Technology

SEC sues Elon Musk for fraud

The Securities and Exchange Commission (SEC) is suing Tesla CEO Elon Musk according to a Manhattan court docket.

The suit alleges that Musk committed securities fraud. Shares of Tesla immediately dipped by roughly 4 percent after the news.

{mosads}The SEC is seeking to remove Musk from Tesla and ban him from being an officer of a publicly traded company. The commission is also suing Musk to pay civil penalties for the alleged fraud and to forfeit any profit made from the actions stated in their charges.

Musk is one of the highest profile executives the agency has pursued fraud charges against.

The SEC along with the Department of Justice was investigating the company after Musk tweeted earlier in the year that he had secured funding to take Tesla private at $420 a share.

“Am considering taking Tesla private at $420. Funding secured.” Musk tweeted in August.

The SEC concluded in its investigation that “[t]his statement was false and misleading.”

The agency also charged that three other Musk statements that day about the company potentially going private were also misleading.

“Musk knew or was reckless in not knowing that each of these statements was false and/or misleading because he did not have an adequate basis in fact for his assertions,” the SEC wrote in its complaint.

“When he made these statements, Musk knew that he had never discussed a going-private transaction at $420 per share with any potential funding source, had done nothing to investigate whether it would be possible for all current investors to remain with Tesla as a private company via a ‘special purpose fund,’ and had not confirmed support of Tesla’s investors for a potential going-private transaction,” it continued.

After the initial tweet, Musk claimed to The New York Times that it was an attempt at transparency.

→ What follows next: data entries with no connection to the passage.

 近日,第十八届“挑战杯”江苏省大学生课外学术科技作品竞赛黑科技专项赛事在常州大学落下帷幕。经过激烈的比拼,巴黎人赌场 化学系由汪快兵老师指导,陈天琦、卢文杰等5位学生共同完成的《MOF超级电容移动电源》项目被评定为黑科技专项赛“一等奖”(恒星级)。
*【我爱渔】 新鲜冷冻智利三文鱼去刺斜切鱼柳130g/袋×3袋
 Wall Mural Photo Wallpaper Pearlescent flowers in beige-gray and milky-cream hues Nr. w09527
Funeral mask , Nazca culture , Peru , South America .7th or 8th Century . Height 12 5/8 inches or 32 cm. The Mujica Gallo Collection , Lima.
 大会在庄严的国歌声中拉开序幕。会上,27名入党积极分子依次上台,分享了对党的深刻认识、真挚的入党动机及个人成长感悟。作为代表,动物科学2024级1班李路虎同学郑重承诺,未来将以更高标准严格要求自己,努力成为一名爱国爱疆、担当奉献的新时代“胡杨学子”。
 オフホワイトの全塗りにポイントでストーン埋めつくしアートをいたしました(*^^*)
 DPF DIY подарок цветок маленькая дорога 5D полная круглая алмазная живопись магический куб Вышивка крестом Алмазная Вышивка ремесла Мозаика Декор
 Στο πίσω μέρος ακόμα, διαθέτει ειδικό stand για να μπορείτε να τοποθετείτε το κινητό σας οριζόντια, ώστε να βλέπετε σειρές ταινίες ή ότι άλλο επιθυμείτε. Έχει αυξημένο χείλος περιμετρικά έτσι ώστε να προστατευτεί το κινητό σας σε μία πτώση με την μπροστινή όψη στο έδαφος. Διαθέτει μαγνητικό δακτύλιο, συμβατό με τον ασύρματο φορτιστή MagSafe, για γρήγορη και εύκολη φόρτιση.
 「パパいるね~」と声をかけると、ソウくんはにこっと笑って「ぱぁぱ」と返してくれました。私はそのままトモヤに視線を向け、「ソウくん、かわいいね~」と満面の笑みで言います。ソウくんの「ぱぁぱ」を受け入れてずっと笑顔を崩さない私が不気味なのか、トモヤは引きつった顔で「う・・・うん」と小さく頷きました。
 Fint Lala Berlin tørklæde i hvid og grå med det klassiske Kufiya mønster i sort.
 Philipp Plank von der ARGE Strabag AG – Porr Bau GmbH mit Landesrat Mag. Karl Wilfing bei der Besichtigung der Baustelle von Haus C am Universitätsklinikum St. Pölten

He said he landed on the number 420 not to make a weed joke as some speculated, but because he intended to offer $419 a share, a roughly 20 percent premium over the stocks then price.

He decided to round up a dollar telling The New York Times that the price per share was “better karma at $420 than at $419.”

“But I was not on weed, to be clear,” he added.

He later smoked weed during a September interview with podcast host, Joe Rogan, which sent Tesla’s share prices into a temporary spiral.

Updated at 5:33 p.m.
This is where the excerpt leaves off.